[Start of section]

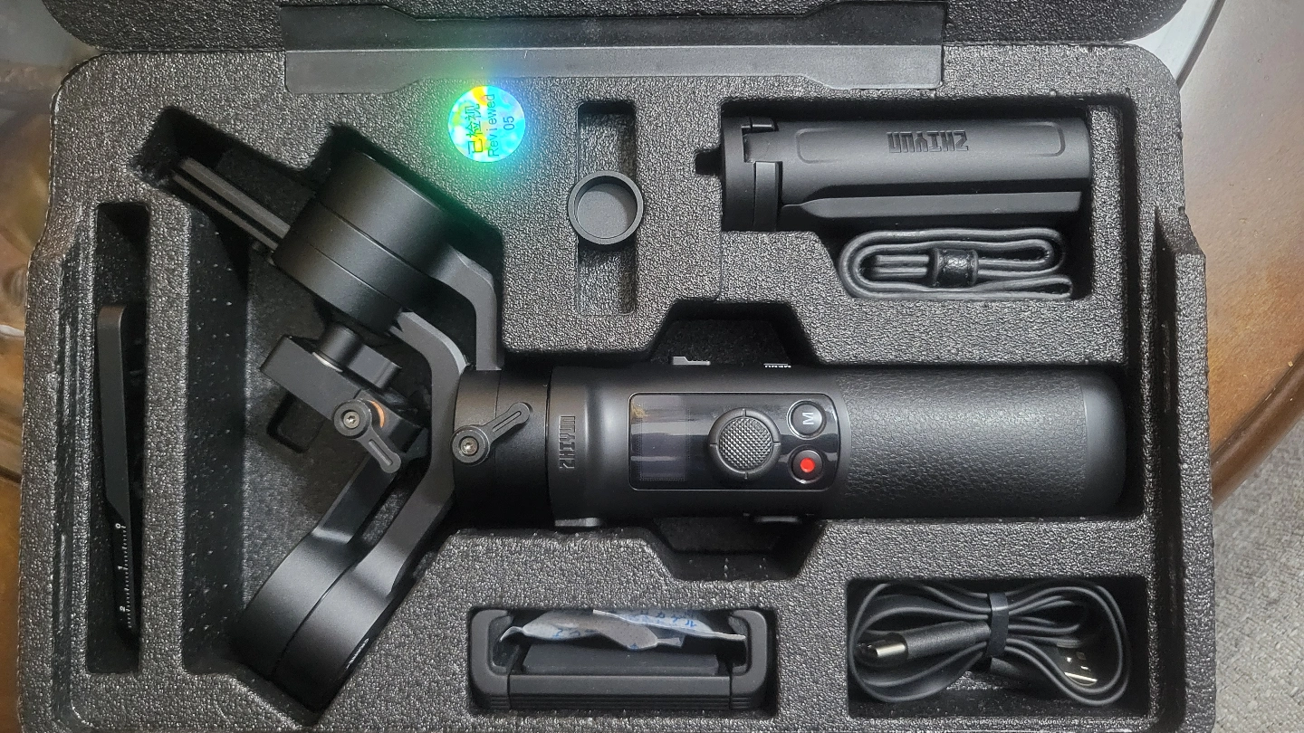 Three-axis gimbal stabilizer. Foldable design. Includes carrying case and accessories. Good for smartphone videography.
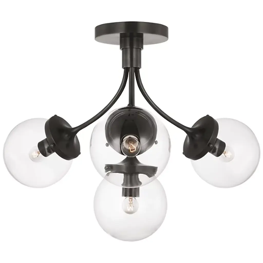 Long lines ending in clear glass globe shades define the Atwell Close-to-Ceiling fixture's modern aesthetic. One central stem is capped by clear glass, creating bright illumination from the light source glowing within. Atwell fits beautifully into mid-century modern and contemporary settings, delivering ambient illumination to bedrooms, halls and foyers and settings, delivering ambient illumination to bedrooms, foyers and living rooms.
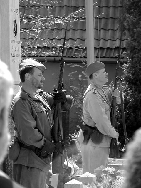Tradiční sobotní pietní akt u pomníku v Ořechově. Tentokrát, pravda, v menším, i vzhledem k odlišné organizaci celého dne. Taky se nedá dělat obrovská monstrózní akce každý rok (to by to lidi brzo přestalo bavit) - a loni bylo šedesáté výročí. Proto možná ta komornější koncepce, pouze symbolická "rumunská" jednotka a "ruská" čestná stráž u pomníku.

[End of section]
[Start of section]

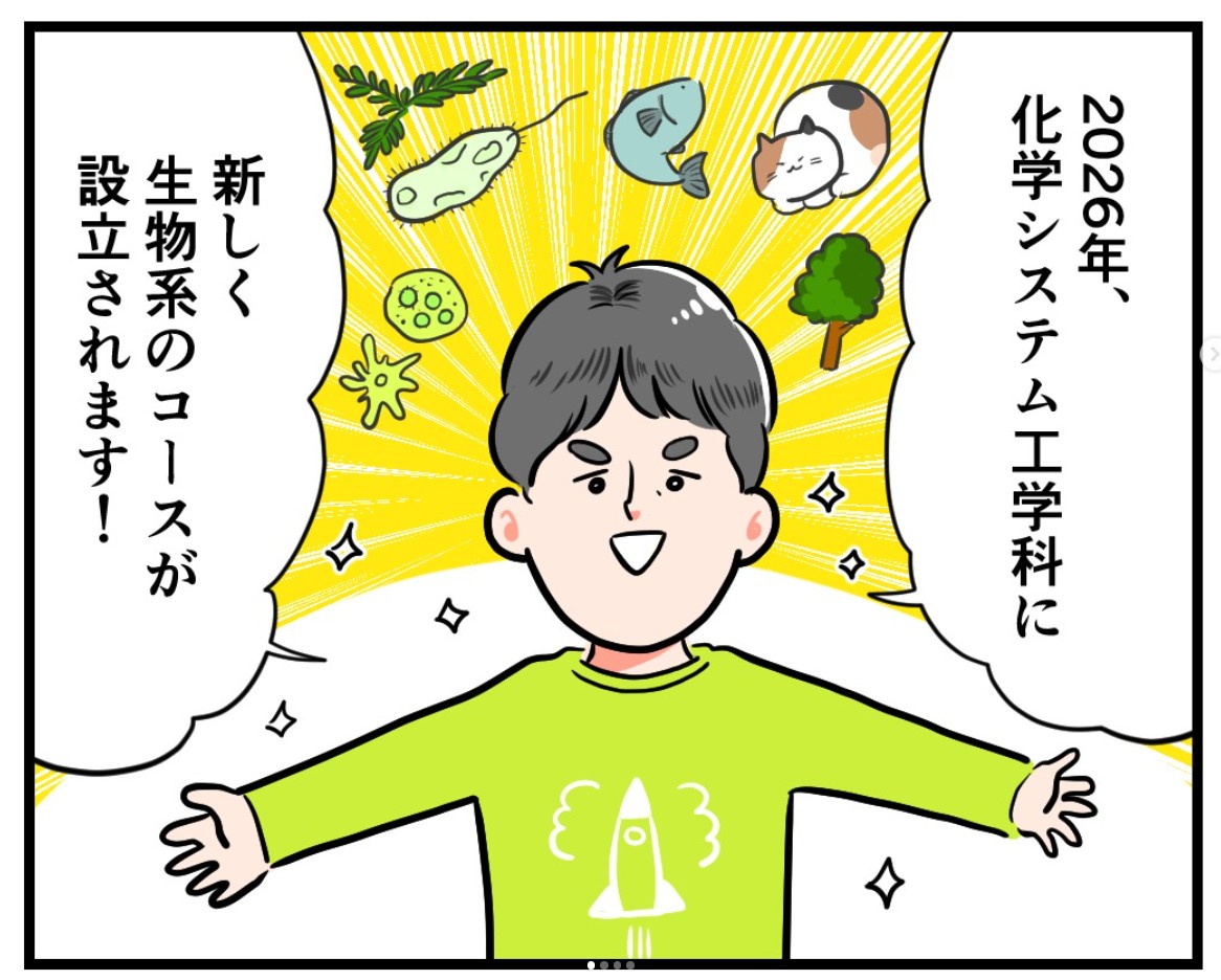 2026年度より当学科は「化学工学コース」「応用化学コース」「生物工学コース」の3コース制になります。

[End of section]

= About this task =
Print, word for word, the lines above that run from the line containing "Long lines ending" to the line containing "Tradiční sobotní pietní", both included. Keep the pictures out.

= Solved exercise =
 Long lines ending in clear glass globe shades define the Atwell Close-to-Ceiling fixture's modern aesthetic. One central stem is capped by clear glass, creating bright illumination from the light source glowing within. Atwell fits beautifully into mid-century modern and contemporary settings, delivering ambient illumination to bedrooms, halls and foyers and settings, delivering ambient illumination to bedrooms, foyers and living rooms.
Tradiční sobotní pietní akt u pomníku v Ořechově. Tentokrát, pravda, v menším, i vzhledem k odlišné organizaci celého dne. Taky se nedá dělat obrovská monstrózní akce každý rok (to by to lidi brzo přestalo bavit) - a loni bylo šedesáté výročí. Proto možná ta komornější koncepce, pouze symbolická "rumunská" jednotka a "ruská" čestná stráž u pomníku.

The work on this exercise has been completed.